Beyond online catalogues, databases and e-journals, researchers started to place their pre-prints or post-prints on the websites of faculties and research groups. Comprehensive web servers of scientific congresses include online presentations and papers, large international pre-print servers, often organised by the scientific community, store thousands and hundreds of thousands of documents, and the creation of e-learning objects is gaining increasing popularity.

And libraries? They add to the content that is available online. Today we have seen almost 15 years of digitisation activities, starting in the U.S. and spreading from there to other countries. Hundreds, if not thousands of digital document servers are available today, the majority of them as stand-alone systems. And activities at universities in building institutional repositories have only started. The long term goal is to store the research and e-learning output of each institution on self-controlled document servers. While the building of these repositories especially must be welcomed for strategic reasons (e.g. open access to research data, ensuring long term accessibility) the expected number of additional online hosts requires additional efforts on the search side.

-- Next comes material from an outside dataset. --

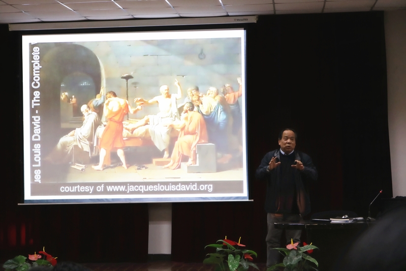 “青年兴则国家兴,青年强则国家强。青年一代有理想、有本领、有担当,国家就有前途,民族就有希望。中国梦是历史的,现实的,也是未来的,是我们这一代的,更是青年一代的。” 李院长从十九大报告中习近平总书记关于青年的论述说起并指出,理想是每一个人对人生幸福的基本向往,也是每一个人的基本权利,理想给人以生活的勇气,给人以成才的目标,向往总是尚未实现的和难以轻易实现的,它的确立受到外界的影响和干扰,需要时时修正与完善。随后,李院长以《习近平的七年知青岁月》为素材,结合今年暑假期间学院全体中层干部前往延安进行政治素养培训时拜访习近平总书记当年插队之地陕西延安延川梁家河的所观所感,向大学生鲜活讲述了年青人确立正确理想的重大意义。习近平总书记插队时带了两箱书,晚上点着油灯,通读中国通史、资本论、孙子兵法、军事装备方面等书籍的情景令大学生印象深刻,他利用自己的知识、能力和毅力开办铁匠铺、缝纫铺、打水井、建沼气池等为老百姓做实事,给老乡们讲故事,青年时期就与老百姓有这种鱼水关系的故事令大学生们感动。在说到人生的意义时,李院长旁征博引、妙语连珠,特别还以苏格拉底为例借助一幅经典油画来讲述他最终为捍卫真理而坦然面对死亡的壮举,引起了在场大学生的深入思考。

Limited scalability / Information Retrieval performance

The majority of the portal systems rely on the metasearch (broadcast search) principle, i.e. a query is translated into the retrieval language of the target repositories (e.g. catalogues, databases) and sent out to selected repositories. The sequentially incoming responses are aggregated and presented in a joint result list.

The problems resulting from this search principle are well-known: due to the sequential response of the target repositories and in particular due to the dependence on the performance of these repositories we get—with an increasing number of target databases—limited scalability and decreasing performance.